Autonomous financial research agent. Ask any question about a public company and get a sourced, cited answer backed by real data.

$ bun start
> Is NVDA overvalued? Do a DCF analysis.

Baxter classifies your query, builds a research plan, gathers data from
SEC EDGAR and the web, runs a 2-round bull/bear debate, validates with
a reflexion loop, and synthesizes a comprehensive answer with tables
and citations.

                              Query
                                |
                                v
                    +---------------------+
                    |    Orchestrator      |
                    |  (fast model classifies
                    |   complexity + skills)
                    +---------------------+
                       |       |       |
              simple   |       |       |   complex
                       |       |       |
               +-------+   medium  +---+--------+
               |               |                 |
               v               v                 v
          Researcher      Planner            Planner
               |               |                 |
               |          task graph         task graph
               |               |                 |
               |          Researcher         Researcher
               |        (parallel waves)   (parallel waves)
               |               |                 |
               |          Analyst            Analyst
               |               |          (2-round bull/bear
               |               |              debate)
               |               |                 |
               |               |           Validator
               |               |        (reflexion loop)
               |               |                 |
               v               v                 v
                    +---------------------+
                    |    Synthesizer       |
                    |  (streaming answer   |
                    |   with citations)    |
                    +---------------------+
                                |
                                v
                            Answer

Overview

Most financial AI tools are a single ReAct loop with a "research" label slapped on top.
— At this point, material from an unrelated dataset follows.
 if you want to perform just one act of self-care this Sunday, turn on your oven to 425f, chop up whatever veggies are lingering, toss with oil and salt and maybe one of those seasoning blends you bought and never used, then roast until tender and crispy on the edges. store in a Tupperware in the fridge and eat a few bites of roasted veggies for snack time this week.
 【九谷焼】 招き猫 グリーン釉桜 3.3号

Baxter is a genuine multi-agent system: 6 specialized agents with distinct roles, a dependency-aware task graph, and dynamic routing that skips unnecessary work on simple queries while deploying the full pipeline on complex ones.
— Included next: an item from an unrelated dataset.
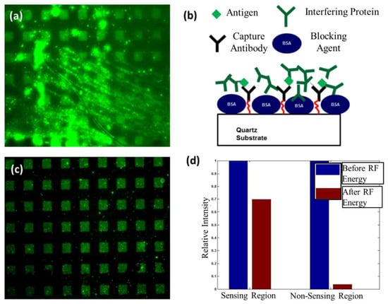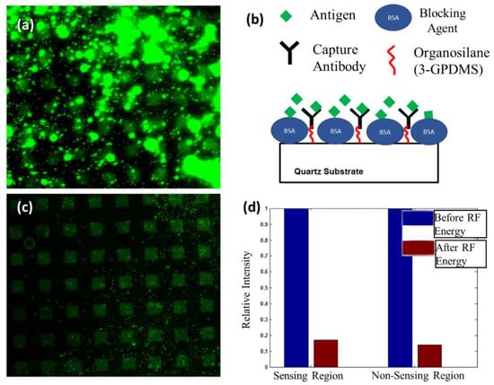 During biosensing, the antigen of interest can weakly bind to other antigens on the surface and to non-sensing areas producing an inflated response. Antigens (Alexa 488 goat anti-rabbit IgG) non-specifically bound to sensing and non-sensing areas were assessed by creating a micropattern, containing the capture antibody (rabbit IgG) in defined areas. To compare the amount of non-specific interaction, two images were taken. First, a fluorescent image was taken after application of the antigen and performing a standard rinsing step with PBS (Figure 6a). Then, PBS (10 μL) was placed on to the delay path and RF power was applied to the input of the SAW device for 10 min. After rinsing we obtained a second image of the SAW delay path (Figure 6c). Figure 6a shows that the square pattern we tried to obtain is occluded by a fluorescent signal of higher intensity occurring randomly over the entire surface which is due the agglomeration of antigen molecules. In Figure 6c, taken after the application of acoustic energy, the fluorescent signal in random locations shown in Figure 6a was reduced significantly and the desired square pattern is clearly visible. The results suggest that antigens bind to other antigen molecules, which is evident by the high intensity signal caused by their agglomeration (Figure 6a). In addition, antigens will also bind to sensing and non-sensing regions indiscriminately seen by the randomness of the fluorescent signal shown in Figure 6a. After comparing the results in Figure 6a,c, we conclude that the antigen-binding is relatively weak and can be characterized as non-specific. Furthermore, the results show that acoustic energy has the ability to remove weakly bound antigens where rinsing alone has failed. Not only has non-specifically bound material been removed, but antigens covalently immobilized to the patterned region stay intact (Figure 6c). Thus, removal can be accomplished without disrupting specific binding between an antigen and its capture antibody. To quantitatively determine the amount of antigen removed in both sensing and non-sensing regions, we averaged the fluorescent intensity for both areas before and after application of acoustic energy. The intensity values were normalized to values obtained before excitation of SAWs. Results given in Figure 6d show that the fluorescent intensity decreased by 83% in the sensing areas and 86% in non-sensing areas.

The interesting parts happen after the data is gathered. On complex queries, a bull analyst and a bear analyst independently build their cases, then each reads the other's argument and writes a rebuttal. That is two rounds of adversarial debate before the synthesizer ever sees the results. When the validator detects quality issues -- a data quality score below 0.7 or an outright error -- a reflexion loop kicks in. A fast model generates corrective guidance, only the affected research tasks re-run, the analyst re-processes, and the validator checks again. This adds zero cost when the data is already clean.
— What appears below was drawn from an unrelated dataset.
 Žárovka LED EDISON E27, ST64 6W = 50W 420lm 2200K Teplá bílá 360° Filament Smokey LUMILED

Everything streams through a terminal UI. You see which agent is running, watch facts accumulate in real time, and get a final answer with inline citations and formatted tables. Follow-up questions work naturally -- "What about their margins?" resolves to the company you were just discussing -- and facts persist across sessions in a local SQLite database.

Baxter works out of the box with zero paid data keys. SEC EDGAR provides free financial data for every public US company. Add optional API keys to unlock richer data sources and web search, but the core pipeline runs on a single LLM API key and nothing else.

Prerequisites

Bun runtime (v1.0+)
At least one LLM API key (e.g. ANTHROPIC_API_KEY, OPENAI_API_KEY)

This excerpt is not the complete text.